1. It’s locigal to start the excursion from the “Dinamo” metro station, which is placed at the corner of Peterburgskoye highway near the middle part of the park. The station’s hall was designed by Dimtry Chechulin, bas-reliefs – by Elena Yason-Manizer.
2. A part of the park, located between metro station and the palace, preserved the best: other ones are divided by the streets, or are built-up.
3. Petrovsky palace is a Russian neo-Gothic masterpiece.
4. This is where Napoleon came, escaping from the Moscow conflagration in 1812.
5. «Here stands, with shady park surrounded,
Petrovsky Castle; and the fame
in which so lately it abounded
rings proudly in that sombre name.
Napoleon here, intoxicated
with recent fortune, vainly waited
till Moscow, meekly on its knees,
gave up the ancient Kremlin-keys:
but no, my Moscow never stumbled
nor crawled in suppliant attire.
No feast, no welcome-gifts — with fire
the impatient conqueror was humbled!
From here, deep-sunk in pensive woe,
he gazed out on the threatening glow.»
A.S.Pushkin, «Eugene Onegin», part 7. (tr.Ch.Johnston)

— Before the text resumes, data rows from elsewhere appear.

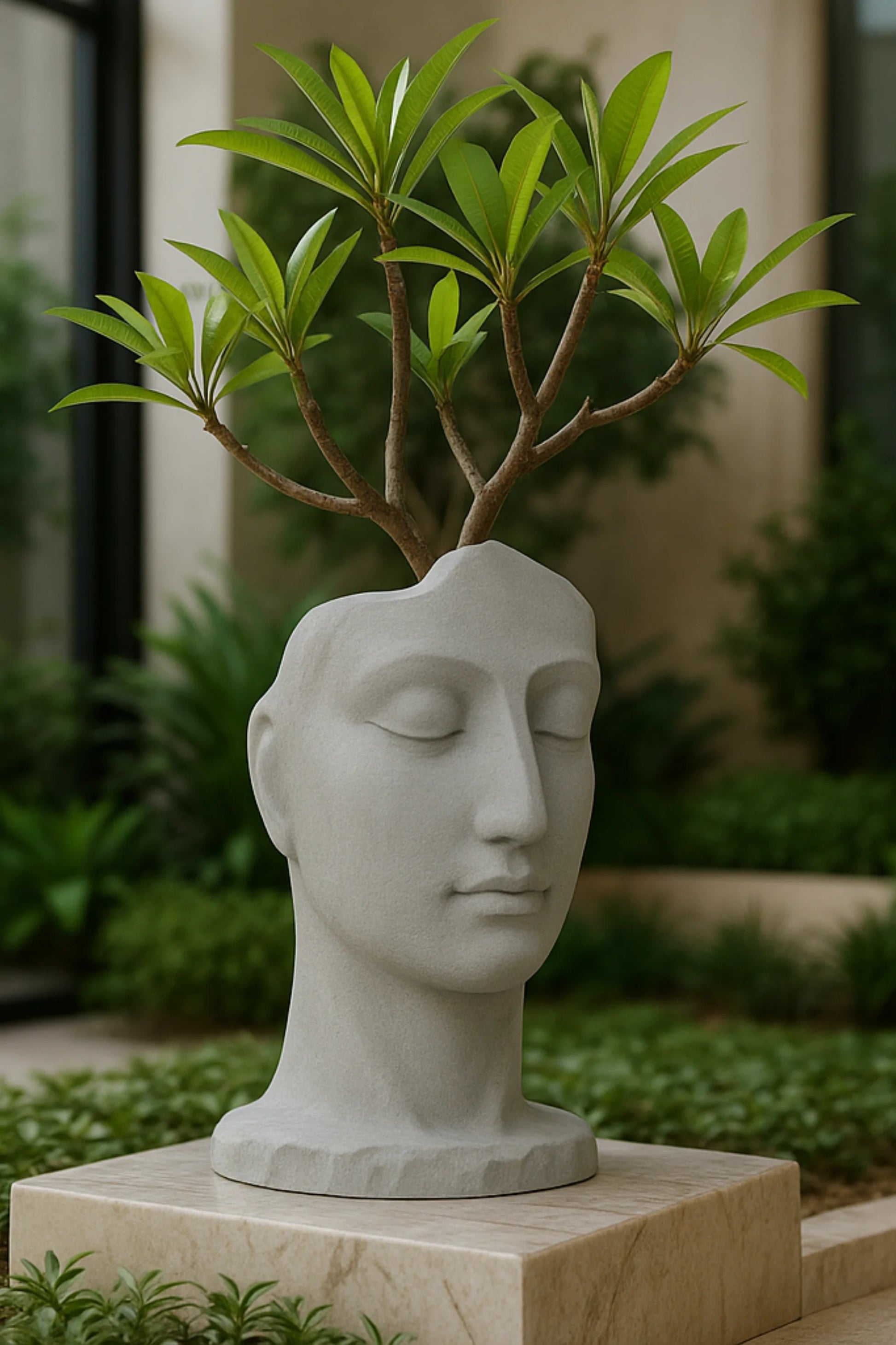Crafted from durable GRC, this mural combines earthy textures with a refined design that complements greenery and stone landscapes. Perfect for outdoor gardens, courtyards, or as a bold indoor accent, it transforms any space into a serene, artistic setting.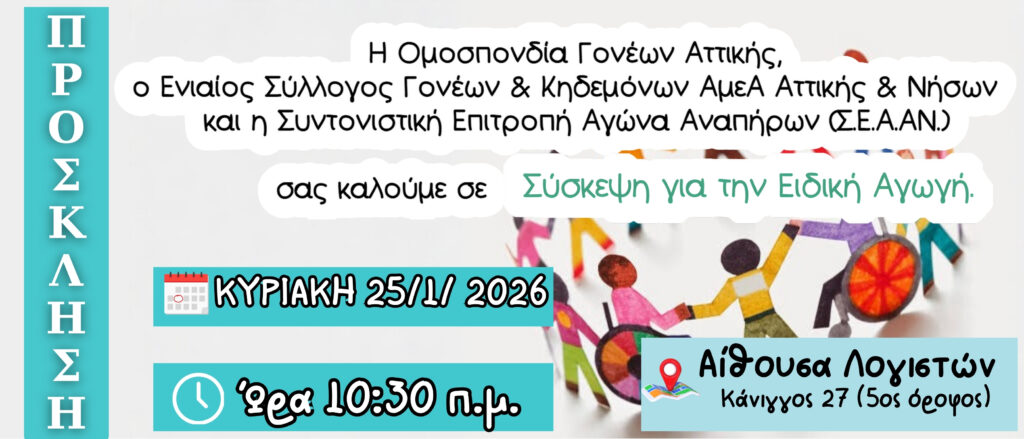 ΠΡΟΣΚΛΗΣΗ σε Σύσκεψη για την Ειδική Αγωγή Η τρέχουσα σχολική χρονιά είναι η χειρότερη σχολική χρονιά για την Ειδική Αγωγή! Ακατάλληλα ως και επικίνδυνα ειδικά και γενικά σχολεία, υποχρηματοδότηση, τεράστιες ελλείψεις εκπαιδευτικών και προσωπικού όλων των ειδικοτήτων, ακατάλληλο, ελλειπές και επικίνδυνο σύστημα μεταφοράς για τα ειδικά σχολεία. Μεγάλο πρόβλημα αποτελεί η έλλειψη δημόσιων δομών τόσο στην πρωτοβάθμια όσο και στη δευτεροβάθμια εκπαίδευση, γεγονός που έχει οδηγήσει σε υπερκορεσμένα σχολεία, σε σχολεία που δεν μπορούν να καλύψουν τις ανάγκες των παιδιών μας, με δεδομένο πως πολλές σχολικές μονάδες, έχουν ιδρυθεί μόνο στα χαρτιά! Η κατάσταση αυτή δεν μπορεί να συνεχιστεί! Πρέπει να παρθούν άμεσα μέτρα για την Ειδική Αγωγή και στα γενικά και στα ειδικά σχολεία. Για όλα τα παραπάνω, Η Ομοσπονδία Γονέων Αττικης, ο Ενιαίος Σύλλογος Γονέων & Κηδεμόνων ΑμεΑ Αττικής & Νήσων και η Συντονιστική Επιτροπή Αγώνα Αναπήρων (Σ.Ε.Α.ΑΝ.) σας καλούμε σε Σύσκεψη για την Ειδική Αγωγή. Κυριακή 25 Γενάρη – 10:30 πμ Αίθουσα Λογιστών – Κάνιγγος 27 (5ος όροφος)
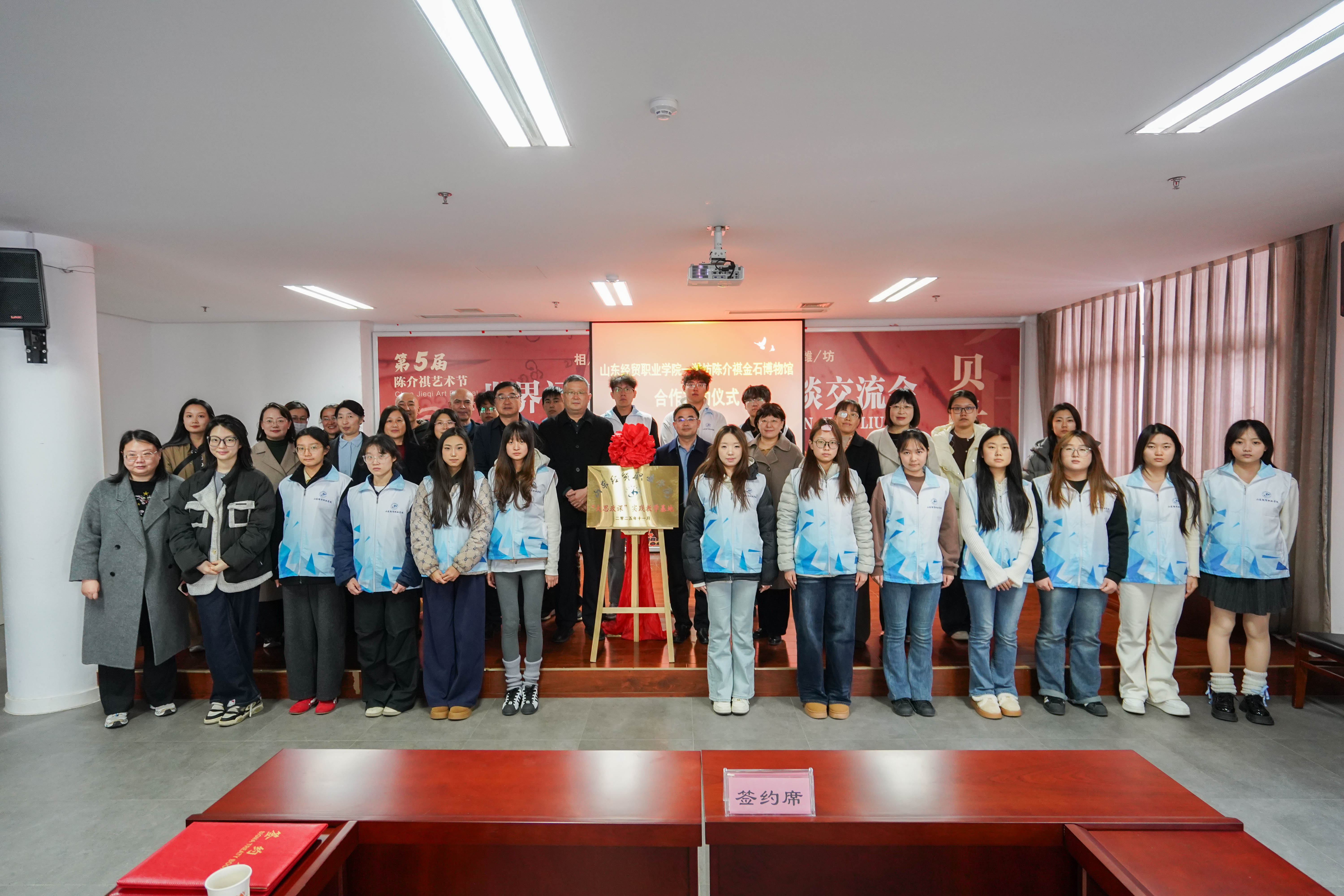 李海娜与陶琦签署馆校战略合作框架协议,刘涛与赵继民为“山东经贸职业明升体育_明升国际-【app*官网】大思政课实践教学基地”揭牌。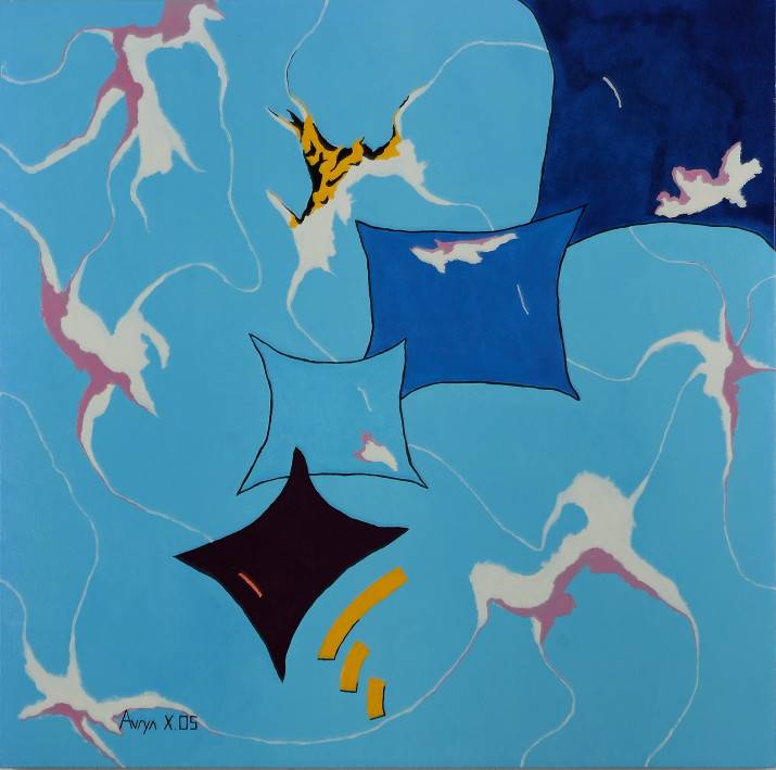 Obraz tętni życiem dzięki intensywnym kolorom, które zdają się tańczyć na jego powierzchni. Dominują tu różne odcienie niebieskiego, przeplatane ciepłymi barwami jak żółć czy delikatny róż. Centralnie umieszczone kształty przypominają unoszące się poduszki, które wibrują energią, a ich nieregularne kontury dodają dynamiki. Ta abstrakcyjna kompozycja pełna jest ruchu, a niemal organiczne linie przywodzą na myśl wodną toń lub powiew wiatru. Atmosfera dzieła jest bardzo uplifting, budzi na przemian spokój i fascynację. Styl artysty łączy delikatne, zwiewne pociągnięcia z odważnymi plamami koloru, co tworzy unikalną harmonię. Technika przypomina współczesny impressionism, jednak z domieszką stricte nowoczesnej abstrakcji. Obraz wciąga i wywołuje silne emocje, od radości po melancholię. Można się w nim doszukać metafory życia jako tańca kształtów i barw. "To wygląda jak latające chmurki!" – powiedziałoby dziecko, wpatrując się z zachwytem. W mojej opinii, to obraz, który mówi: take a breath. Każdy zakrętas i plamka stymulują wyobraźnię do tworzenia własnych interpretacji. Te pływające formy w pewien sposób przypominają beztroskę i szczęście dzieciństwa. Jakby daję się porwać bez końca temu kolorowemu spektaklowi.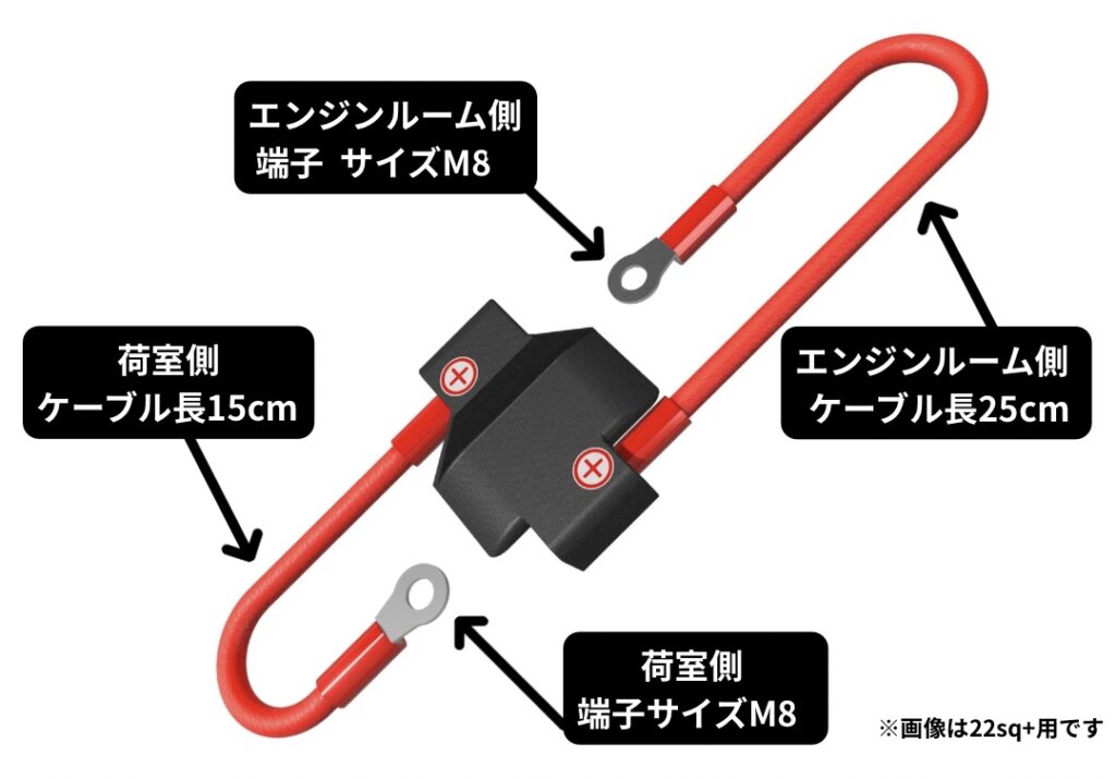 ケーブル長さ:エンジンルーム側25cm、荷室側15cm

6. Zhukovsky Air Force Engineering Academy was taking place in the palace from 1920 to 1997 (with one break: Academy was evacuated to Sverdlovsk during the war, and 18th Air army’s headquarters were placed here).
7. After reconstruction, The House of Moscow Government receptions, elite hotel, restaurant, swimming pool and sauna were placed in the palace.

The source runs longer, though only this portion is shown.